Tag Archives: Judd Tully

Do You Want to Buy a Snowball?

The Melt Goes On Forever: The Art & Times of David Hammons

by Hope Madden

In 1983, a woman buys a snowball from a street vendor. He has many snowballs laid out in a beautiful pattern on a blanket on a wintery New York street, surrounded by other vendors. She thinks she’s helping a homeless man but keeps the snowball in her parents’ freezer in Queens for months before letting her mom toss it.

Decades later she realizes the seller was David Hammons, an American artist who defied boundaries, mocked socially accepted practice, and became one of the most influential voices in art.

I bet she wishes she’d kept the snowball.

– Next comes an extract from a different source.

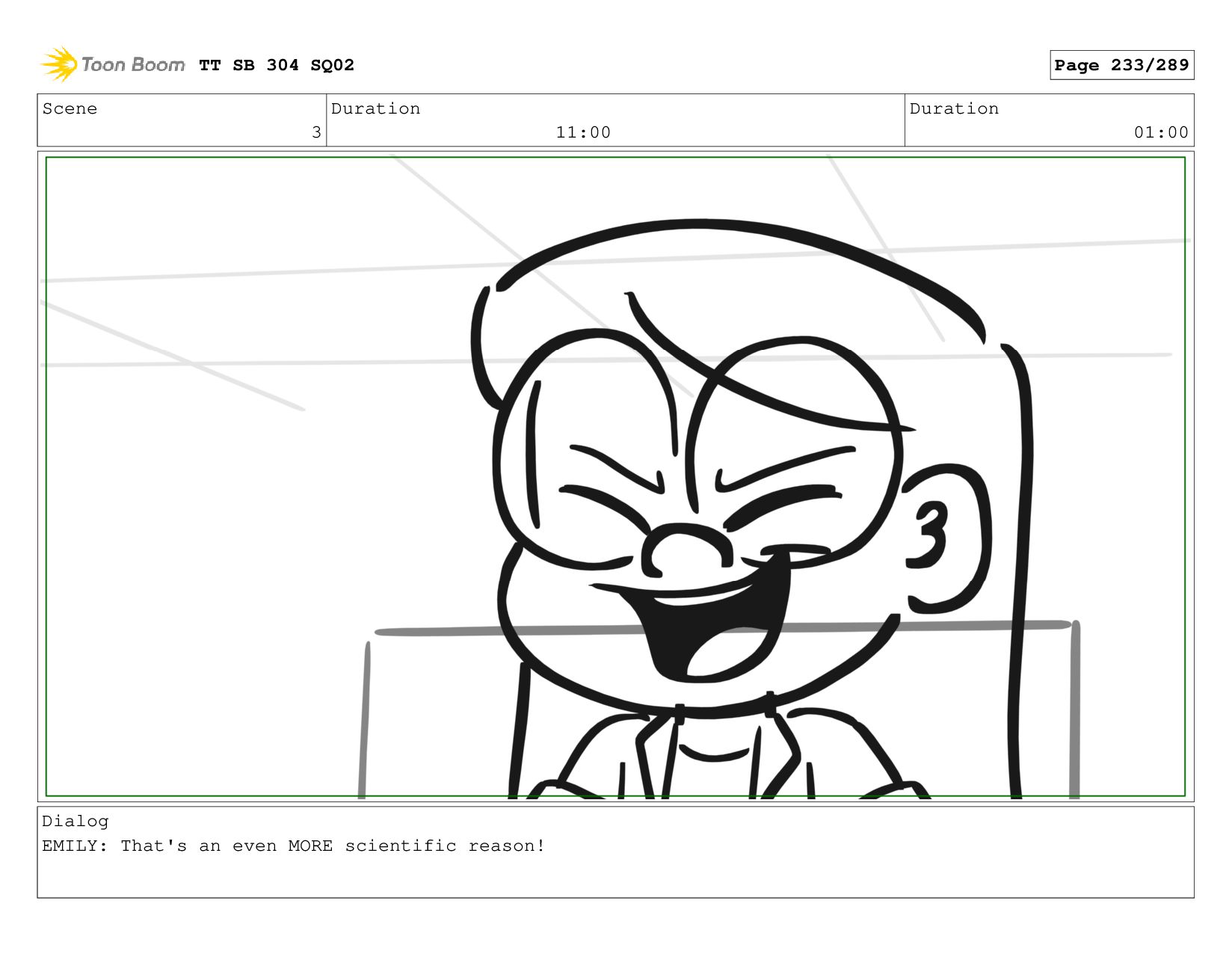 Scene 3 Duration 11:00 Duration 01:00 Dialog EMILY: Ooo! TT

Documentarians Harold Crooks and Judd Tully share countless similar anecdotes as they unveil, layer upon layer, something of what Hammons meant to an art world desperately in need of him.

“The more he tells the art world to go fuck itself, the more they want him,” says poet Steve Cannon, whose poem “Rousing the Rubble” offers worthy narration to sections of the film. An ode to Hammons, the poem announces the artist’s many phases, as does the documentary:

            Booomboxes, into bebop, hip hop, scatter shots – lower poles Higher Goals –

            into human hair – into Bottle caps into people and their attributes ­–

Cannon’s interviews, as well as those with art historians, artists, curators and collectors, will have to mainly suffice. Although Hammons himself does appear and speak on a handful of rare occasions, his voice is mainly absent (he prefers not to be interviewed, the doc clarifies).

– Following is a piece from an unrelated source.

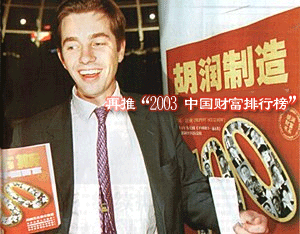 胡潤(Rrpert Hoogewerf),英國人,今年33歲,曾任美國著名的財富雜志《福布斯》(Forbes)的中國地區(qū)首席調(diào)研員。
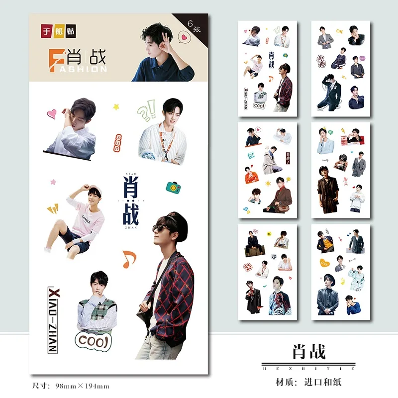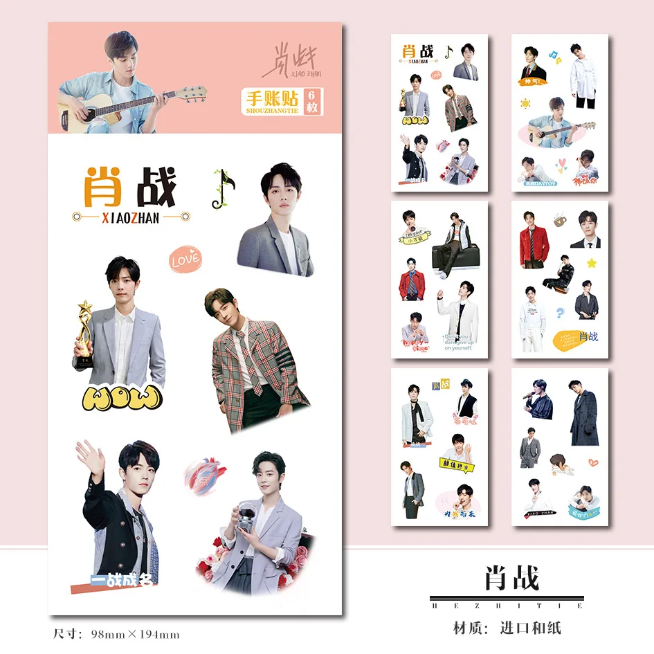6 листовНабор декоративных наклеек для скрапбукинга Chen Qing Ling Xiao Zhan, Wang Yibo

Those who do talk illuminate the spirit of an artist whose work defies categorization. That work, luckily, we do get to view throughout the film. Provocative, racial, absurd, prescient – the art itself is all of this, and the film points to Hammons’s rejection of the norms of the art world as among his most valuable qualities.

The Melt Goes On Forever celebrates the audacity of Hammons’s  curation, the subversive nature of his exhibition and the humor in his reactions and presentations, but is quick to point out that his lasting impact on art in the U.S. and globally is more a product of the intensity and relevance of the work itself.

The Melt Goes On Forever: The Art & Times of David Hammons screens this weekend only at the Wexner Center for the Arts.